Western Global Secures Loan Purchase to Stabilize Operations Amid Challenges
The chief executive of troubled US freighter operator Western Global Airlines (WGA) has purchased outstanding loans to help shore up the company’s financial position.
In June reports emerged that the company was in talks with creditors and considering bankruptcy as it faced a liquidity shortage.
The Florida-based airline has now confirmed that chief executive and founder Jim Neff purchased the outstanding loans held by senior secured lenders on June 29.
“This was a positive step in an effort to protect WGA and provide the company additional time and resources, and the company immediately benefited from improved lending conditions,” WGA said.
“As a result of the purchase by Jim Neff, WGA has been positioned to continue to provide its customers with the safe and effective services they rely on.
“The company continues to believe that maintaining its operations and infrastructure is in the best interests of all stakeholders.
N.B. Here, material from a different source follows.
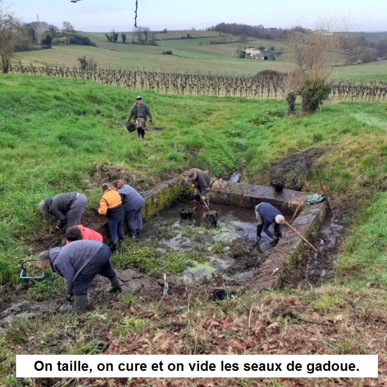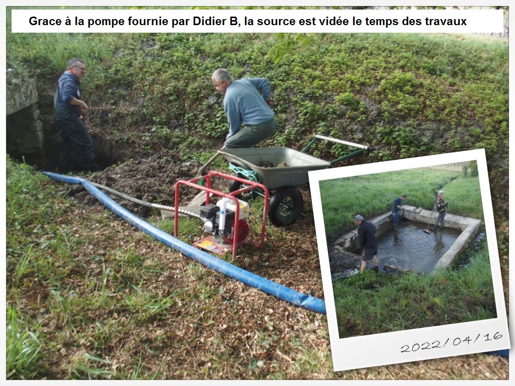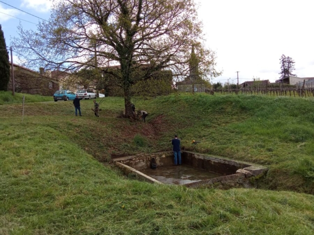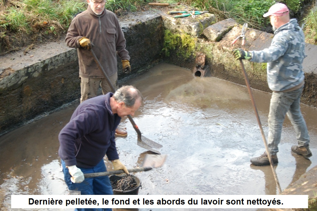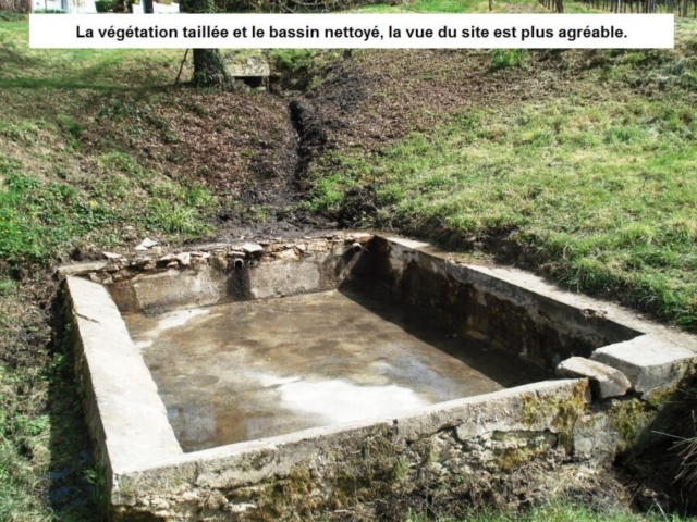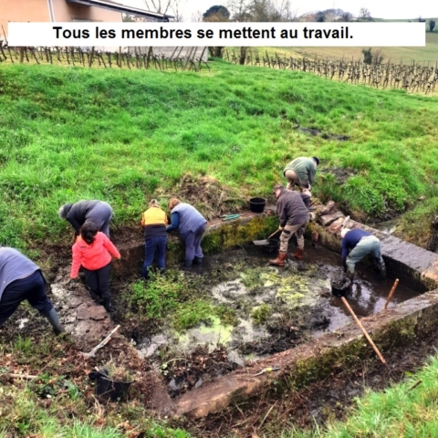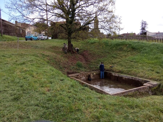 Il a fallu dégager le tour du lavoir, nettoyer l’accès à la source et le vider.
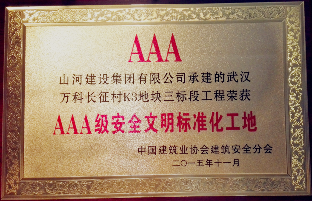 山河集团万科长征村K3地块项目荣获全国“AAA级安全文明标准工地”称号

“Accordingly, WGA is working diligently with its advisors to explore all value-maximising alternatives and take the steps necessary to address its financial position.”
WGA said that after 10 years of profitable operations, it was currently navigating financial challenges driven by unforeseen industry-wide factors including the conflict in Ukraine, the weakened global economy and particularly air cargo demand, spiralling costs, and the recurrence of Covid-19 in China, which “disproportionately impacted WGA and its customers”.
Earlier this year, ratings agency Moody’s downgraded the carrier’s ratings from B2 and B3 – later withdrawing its rating – citing a liquidity shortage even though it had cancelled an order of two Boeing 777 freighters.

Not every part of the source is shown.